Digitization and ecological transition

The document of restitution advance several tracks to relaunch the productive apparatus. In particular, it calls for strengthening France's "innovation capacity", which already has "world-class engineers and high-quality public research" and to continue to develop start-up financing. The stakeholders consulted also regret that the big companies in France are poorly represented among the fifteen largest investors in R & D (only Dassault Systems is included).

Among the other orientations retained: the acceleration of the digitization of French society. "In 2019, France was only 15th out of 28 in the ranking of the European Commission on the economy and digital society," reads. The energy and ecological transition represents another essential challenge that requires "profoundly transforming our production and consumption model". Because if "the French economy is already one of the most efficient on the environmental level", according to the authorities consulted, the carbon footprint of the Hexagon "has increased by 11%" in 25 years.

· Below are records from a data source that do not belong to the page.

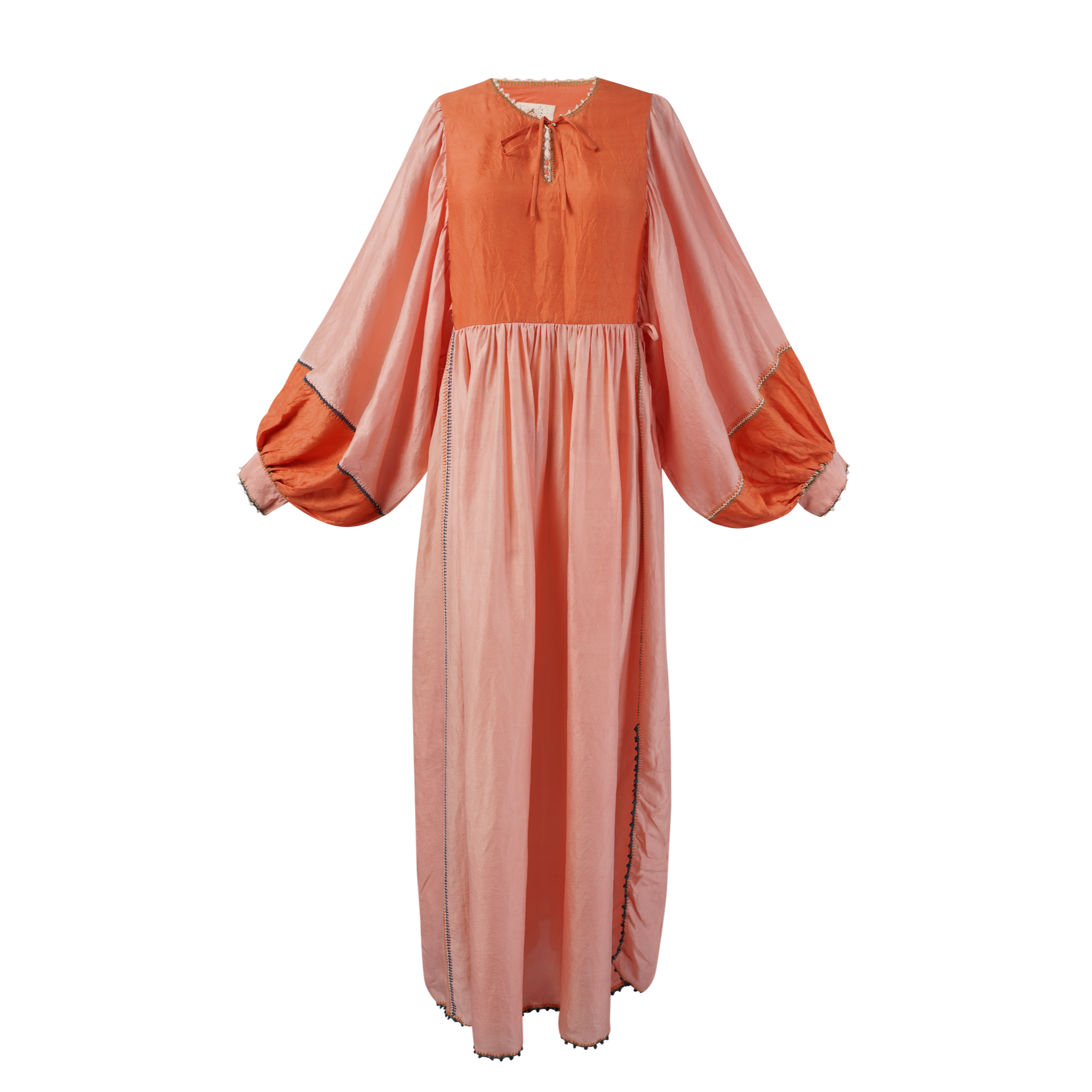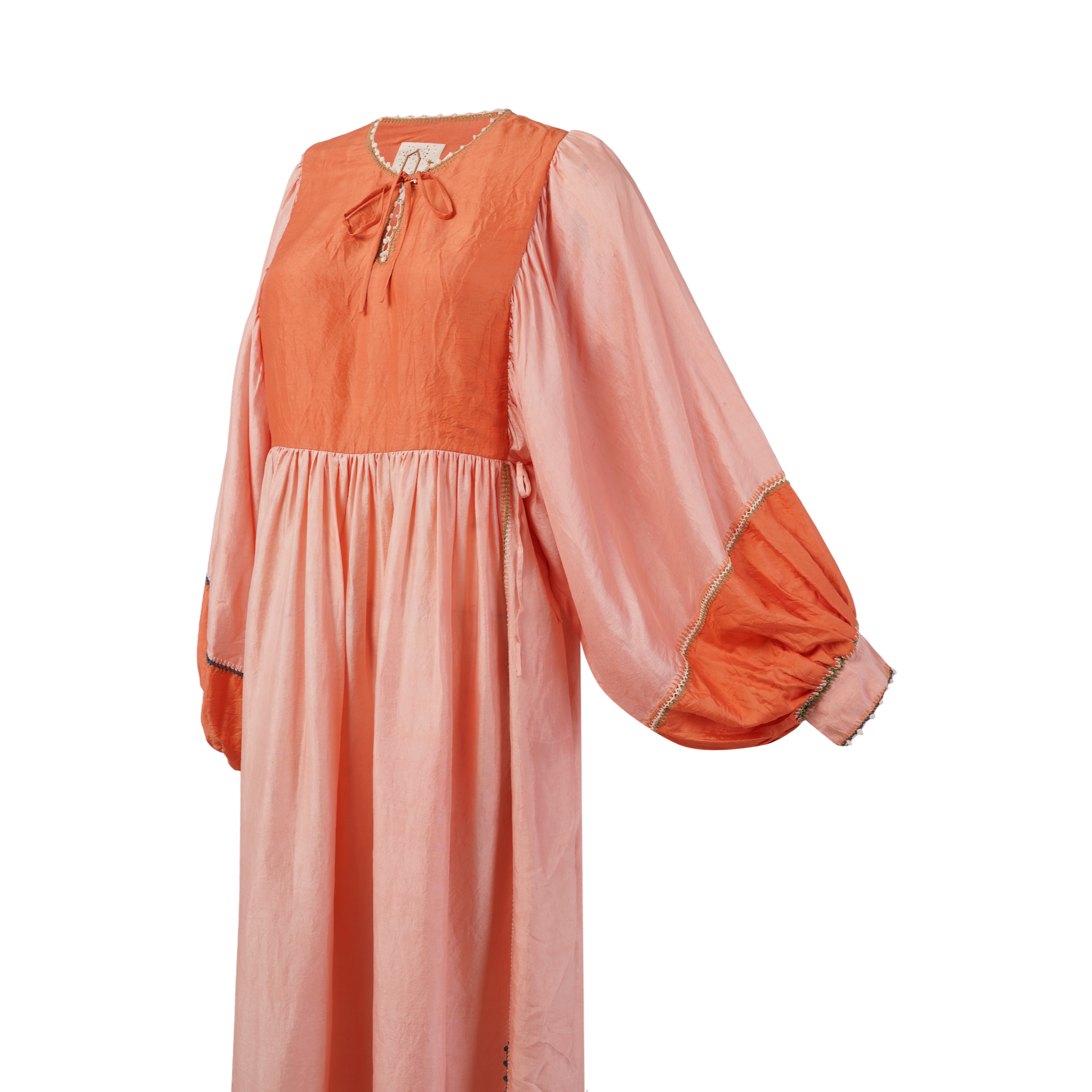 Introducing our Serafina dress, inspired by 1970s kaftans, ideal as luxury resort wear. Made from handwoven silk for a delicate and light feel to the skin. Developed over a year in collaboration with artisan groups in Oaxaca, our production process honors natural cycles, with silk woven, naturally dyed, and adorned with delicate crochet.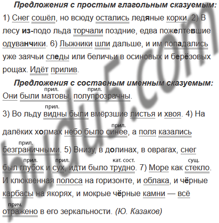 1) Снег сошёл, но всюду остались лед..ные корки. Они были матовы, полупрозрачны. 2) В лесу (из)подо льда торчали поздние, едва пож..лте..шие одуван(?)чики. 3) Во льду видны были вмёрзшие листья и хвоя. 4) На далёких х..лмах небо было синее, а поля казались безграничными. 5) Внизу, в д..линах, в оврагах, снег был глубок и сух, идти было трудно. 6) Лыжники шли дальше, и им поп..дались уже заячьи сл..ды или беличьи в осиновых и б..рёзовых рощах.4 7) Море как стекло. И клюквенная полоса на горизонте, и облака, и ч..рные карбасы на якорях, и мокрые ч..рные камни — всё отражено в его зеркальности. Идёт прилив. (Ю. Казаков)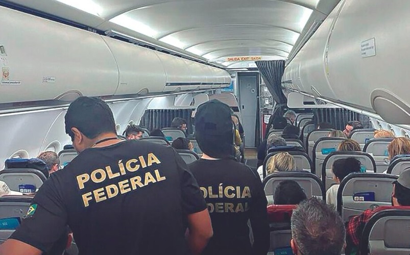 As mulheres foram abordadas pela PF ainda dentro da aeronave – (Foto:Ascom/PF)

Moreover, "there is no coherence to favor green finance, to reduce CO2 emissions within our borders if it is for the Treasury to provide guarantees for tens of billions of dollars. euros to export projects that increase carbon footprint abroad, "said the minister.

Towards a decrease in production taxes?

The productive pact must also make it possible to adapt the training "to the new professions to aim at full employment", says the document of restitution, affirming that "35% of the French exercise a trade for which they do not have an adequate qualification". This explains why France has "150,000 unfilled jobs while there are three million people looking for jobs".

Finally, production taxes also seem to be in the sights of Bruno Le Maire to revive the competitiveness of businesses. "Today we have production taxes, which penalize companies, which are seven times higher than in Germany and twice as high as the average of the countries of the euro zone," he said. However, he wishes to proceed cautiously on this issue with the local authorities, whose resources depend largely on this fiscal manna.